- The paper demonstrates SC-DCNN significantly reduces hardware footprint and energy usage while maintaining high network accuracy.
- It outlines a detailed design and joint optimization of core functional blocks such as inner product, pooling, and activation functions.
- Experimental evaluations reveal a throughput of 781250 images per second and an energy efficiency of 510734 images per joule with less than 1.5% inaccuracy.
SC-DCNN: A Framework for SC-based Deep Convolutional Neural Networks
The paper "SC-DCNN: Highly-Scalable Deep Convolutional Neural Network using Stochastic Computing" provides a meticulous exploration into the application of Stochastic Computing (SC) as a promising approach to implement Deep Convolutional Neural Networks (DCNNs) with reduced hardware resources and energy consumption.
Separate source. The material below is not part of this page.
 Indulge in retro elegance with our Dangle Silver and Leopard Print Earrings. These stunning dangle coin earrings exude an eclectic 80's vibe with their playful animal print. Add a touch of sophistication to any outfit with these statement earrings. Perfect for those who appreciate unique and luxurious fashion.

The authors present a comprehensive design and optimization strategy aimed at deploying DCNNs on embedded and mobile IoT devices.
SC employs a bit-stream to represent numerical values through the probability of one occurring in the stream, offering the potential to perform complex operations like additions and multiplications with minimal hardware using simple logic gates such as AND and multiplexers. The authors introduce SC-DCNN, a framework that systematically integrates SC with DCNNs to exploit remarkable reductions in hardware footprint, energy consumption, and overall scalability while maintaining comparable network accuracy.
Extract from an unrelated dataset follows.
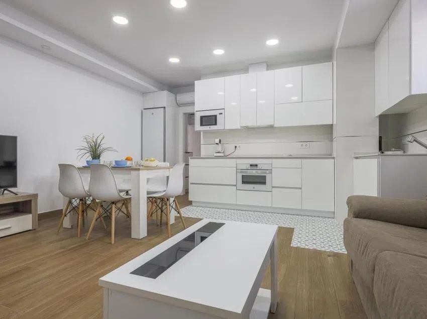 El salón-cocina-comedor es un espacio amplio. La cocina tiene encimera Dekton ® y está totalmente equipada (frigorífico, lavavajillas, horno, microondas, cafetera, tostador, exprimidor, batidora, menaje, etc. ). El salón-comedor dispone de luz indirecta, así como todo lo necesario (sofá, mesas, sillas, Tv de 55”, etc. ).

The SC-DCNN framework is ingeniously structured in a bottom-up manner. Initially, the paper describes the development and optimization of basic functional blocks indispensable for DCNN architectures. These blocks include essential operations like inner product computations, pooling mechanisms, and activation functions. The framework proposes an innovative design for these blocks, emphasizing the potential reductions in power and hardware while maintaining performance through meticulous joint optimizations.
One significant feature of the framework is the introduction of four distinct feature extraction block designs. These designs are optimized combinations of basic function blocks, adapted for different network configurations to ensure high accuracy. The feature extraction blocks, which act as the network's backbone by connecting various function blocks, are analyzed and optimized to balance trade-offs between performance metrics like hardware cost, latency, power, and accuracy.
Moreover, weight storage is addressed with a focus on effective memory utilization. The authors propose several schemes to optimize the deployment of weights in SRAM, reducing area and power consumption without compromising network accuracy. Efficient filter-aware SRAM sharing, precise weight storage methods, and layer-wise weight precision are some techniques that contribute to a dramatic reduction in resource usage.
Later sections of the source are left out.